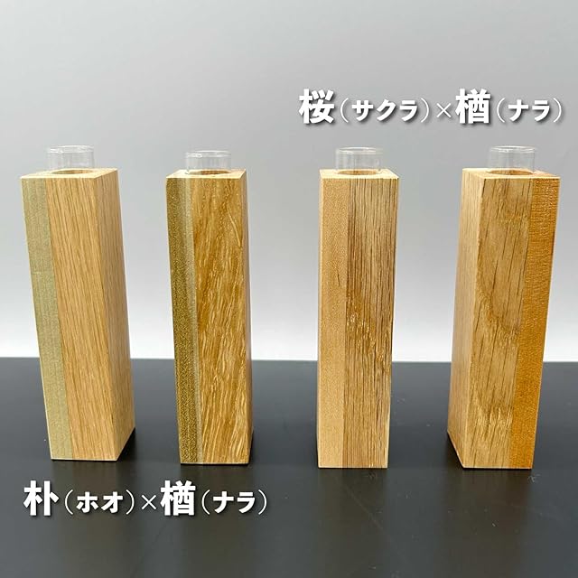 【木そのままの色を生かしたデザイン】土台部分は、飛騨産広葉樹の「朴(ホオ)」「桜(サクラ)」「楢(ナラ)」の3つの樹種のうち、2種類をつなぎ合わせた「朴×楢」「桜×楢」の2パターンからお選びいただけます。木そのままの色を生かし、ツートンカラーのようなデザインに仕上げました。シンプルながらも洗練されたデザインで、飾る場所を選びません。色味や木目の違いを楽しみたい方には、単品でのご購入よりもお得な2個セット(各1種)がおすすめです。
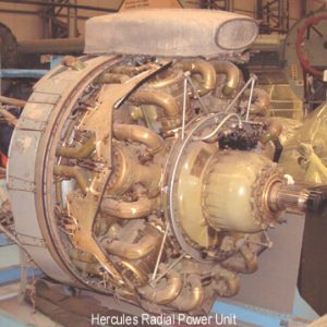 The Bristol Aeroplane Co Ltd, was founded in 1910. The company designed and started to produce radial air-cooled aero-engines in 1920. From 1936 up to the end of the War in Europe, Bristol built over 101,000 engines, 54,700 of which, were the Hercules version. The Bristol Hercules Mk VI & XVI, was used in some 300 Avro Lancaster Mk II’s, reaching Squadron service. This engine had 14 air cooled cylinders arranged in twin rows, staggered radially around the crankcase. The crankshaft is in three sections, and incorporates Saloman dampers in each crankweb to damp out torsional vibration. Unlike the Merlin, which used conventional “poppet” valves, the Hercules used a sleeve valve system. Each cylinder assembly comprises an aluminium alloy cylinder barrel in which a steel-alloy sleeve operates. The sleeve moves inside the barrel, controlled by an eccentric crank. This allowed the gases to come in and out of the cylinder. Timing overlap came out at 40 degrees.
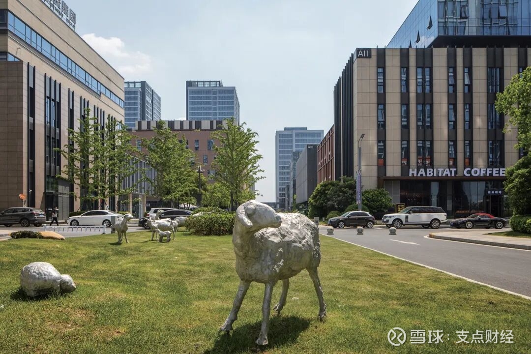 在合肥金融港闲庭信步的“羊群”是艺术家刘绍栋为园区量身打造的雕塑,赋予园区空间更多活力。
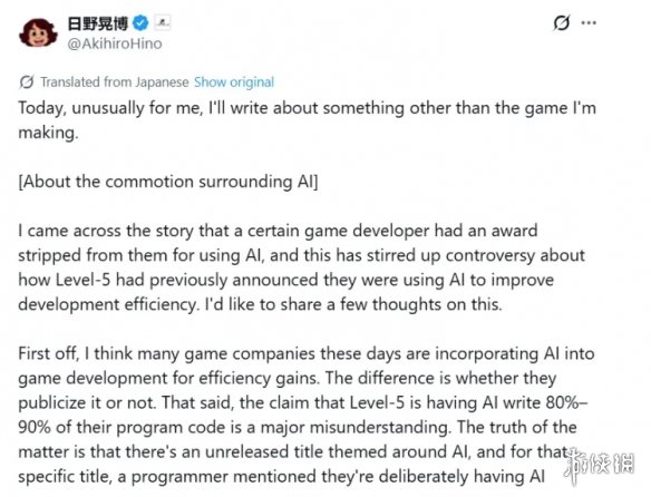 日野晃博在社交平台上阐述了他的核心观点:“它(生成式AI)可能会将我们从开发AAA游戏需要5-10年的世界,转变为我们每两年就能享受到它们的世界。” 他强调,不应简单将AI视为“邪恶”之物,而应将其作为推动行业进步的工具。他还透露,许多开发者已在实践中使用生成式AI提升效率,只是未公开其应用。
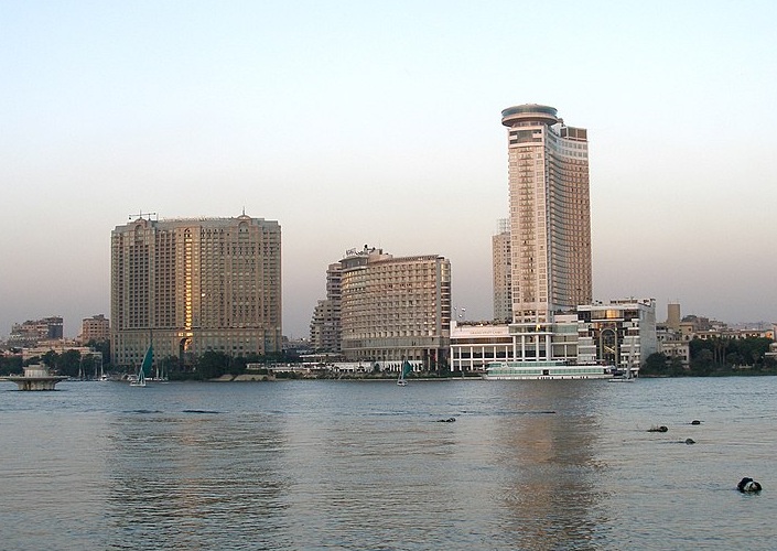 Grand Nile Tower (rechts) mit Hotel Hilton Cairo Grand Nile, Ufer des Nil, Kairo, Ägypten
§ §
_WORK ORDER_
Each record must be repeated exactly, and no picture may be carried over.

_TASK SOLUTION_
 【木そのままの色を生かしたデザイン】土台部分は、飛騨産広葉樹の「朴(ホオ)」「桜(サクラ)」「楢(ナラ)」の3つの樹種のうち、2種類をつなぎ合わせた「朴×楢」「桜×楢」の2パターンからお選びいただけます。木そのままの色を生かし、ツートンカラーのようなデザインに仕上げました。シンプルながらも洗練されたデザインで、飾る場所を選びません。色味や木目の違いを楽しみたい方には、単品でのご購入よりもお得な2個セット(各1種)がおすすめです。
 The Bristol Aeroplane Co Ltd, was founded in 1910. The company designed and started to produce radial air-cooled aero-engines in 1920. From 1936 up to the end of the War in Europe, Bristol built over 101,000 engines, 54,700 of which, were the Hercules version. The Bristol Hercules Mk VI & XVI, was used in some 300 Avro Lancaster Mk II’s, reaching Squadron service. This engine had 14 air cooled cylinders arranged in twin rows, staggered radially around the crankcase. The crankshaft is in three sections, and incorporates Saloman dampers in each crankweb to damp out torsional vibration. Unlike the Merlin, which used conventional “poppet” valves, the Hercules used a sleeve valve system. Each cylinder assembly comprises an aluminium alloy cylinder barrel in which a steel-alloy sleeve operates. The sleeve moves inside the barrel, controlled by an eccentric crank. This allowed the gases to come in and out of the cylinder. Timing overlap came out at 40 degrees.
 在合肥金融港闲庭信步的“羊群”是艺术家刘绍栋为园区量身打造的雕塑,赋予园区空间更多活力。
 日野晃博在社交平台上阐述了他的核心观点:“它(生成式AI)可能会将我们从开发AAA游戏需要5-10年的世界,转变为我们每两年就能享受到它们的世界。” 他强调,不应简单将AI视为“邪恶”之物,而应将其作为推动行业进步的工具。他还透露,许多开发者已在实践中使用生成式AI提升效率,只是未公开其应用。
 Grand Nile Tower (rechts) mit Hotel Hilton Cairo Grand Nile, Ufer des Nil, Kairo, Ägypten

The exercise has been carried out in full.